A major open-access scientific review has found that urbanization is quietly weakening the ability of forests to store stable soil carbon, reducing one of nature’s most powerful tools for fighting climate change.

The study, published in Carbon Research, shows that urban forests retain significantly less stable soil organic carbon than suburban and rural forests, not because trees are disappearing, but because human activity is altering the soil beneath them.

Led by Dr. Xiankai Lu of the Chinese Academy of Sciences, the review synthesizes global research to examine how soil carbon stability changes along an urban to rural gradient.

Soil is the planet’s largest terrestrial carbon reservoir, and its most stable carbon forms can remain locked away for decades or even centuries.

These stable forms, including particulate organic carbon and mineral-associated organic carbon, act as long-term carbon vaults that prevent greenhouse gases from returning to the atmosphere.

The review finds that these vaults are increasingly compromised in urban environments.

Urban soils are often compacted, polluted, eroded and deprived of natural inputs such as leaf litter and root exudates, all of which are essential for maintaining stable carbon pools.

Even mineral-associated organic carbon, normally considered highly resistant to decomposition, was found to be less stable in city forests.

Dr.
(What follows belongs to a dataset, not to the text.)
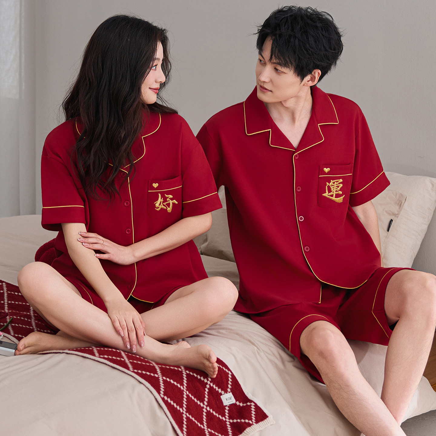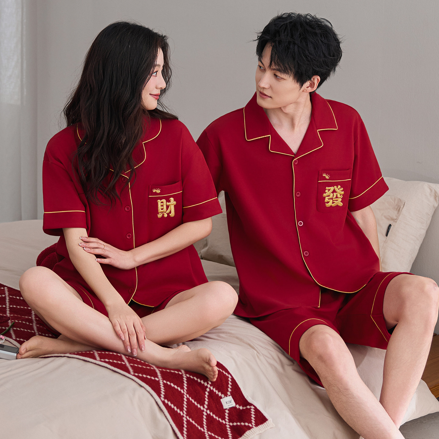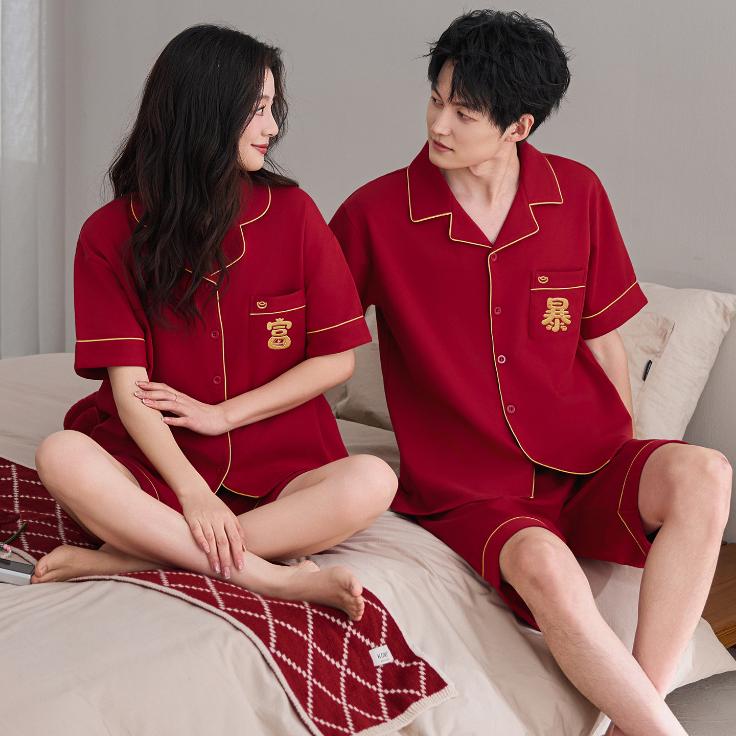 情侣睡衣夏季纯棉短袖本命年红色男女特大码套装240斤300斤6XL7XL

Lu explained that carbon storage depends not only on how much carbon is present, but on whether soil conditions allow it to remain protected over time.

When soils are compacted or chemically imbalanced, the mechanisms that bind carbon to soil minerals break down, increasing the risk of carbon being released as carbon dioxide.
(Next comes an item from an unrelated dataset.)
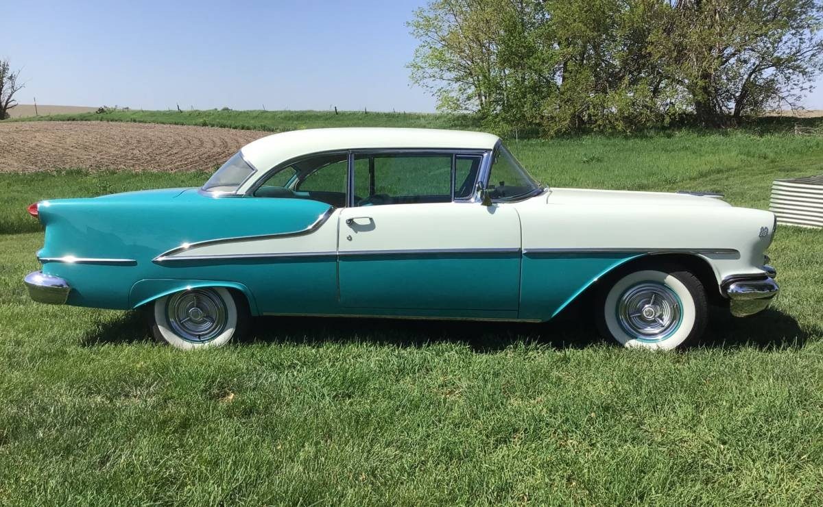 FROM 07/29/25: If one were looking for an automobile to represent the record-setting sales year of 1955, then this Olds 88 Holiday Coupe checks all the boxes. A classic 50’s two-tone color combination (turquoise and white), tasteful styling – especially being a sporty hardtop coupe, just enough chrome trim, a colorful turquoise and white interior, cool wheel covers, and a respectable V8 engine under the hood. The ’55 Olds also checked a lot of boxes for car buyers seventy years ago as a record number – 583,179 units – were sold and earned the division fifth place overall in sales. The 88 Series was the entry level Olds in ’55 and of the 222,361 Series 88’s built, the most popular model was one like we’re featuring here. Nearly 86,000 of these desirable 2-door hardtop Holiday Coupes found new driveways or garages and it’s easy to see why. They were just great looking, comfortable, and peppy cars.

The review highlights an unexpected finding that suburban forests often perform better than both urban and rural forests in certain measures of carbon stability.

Suburban areas tend to accumulate higher levels of chemically stable carbon, benefiting from moderate human management without the extreme disturbances seen in dense urban centers.

These transitional zones often receive organic inputs and experience less soil sealing, creating conditions that support long-term carbon storage.

Microbial communities also play a critical role in this process.

While urban soils may host a greater diversity of bacteria, the study shows that microbial biomass and functional efficiency decline in heavily disturbed environments.

Soil microbes drive carbon stabilization, but their ability to do so is limited when oxygen, root growth and habitat quality are reduced.

The review emphasizes that the drivers of soil carbon stability differ sharply across landscapes.

In urban forests, human stressors such as pollution, altered microclimates and chemical contamination dominate.

In rural forests, natural factors like vegetation type, climate and litter quality are more influential.

Suburban forests lie between these extremes, offering opportunities for targeted management to enhance resilience.

Dr. Lu argues that urban greening strategies must go beyond planting trees and focus on restoring and protecting soil health.

The findings suggest that without attention to soil conditions, urban forests risk becoming carbon liabilities rather than climate solutions.

As cities expand worldwide, the study underscores the need to rethink urban ecology from the ground up, placing living soil at the center of climate-smart planning.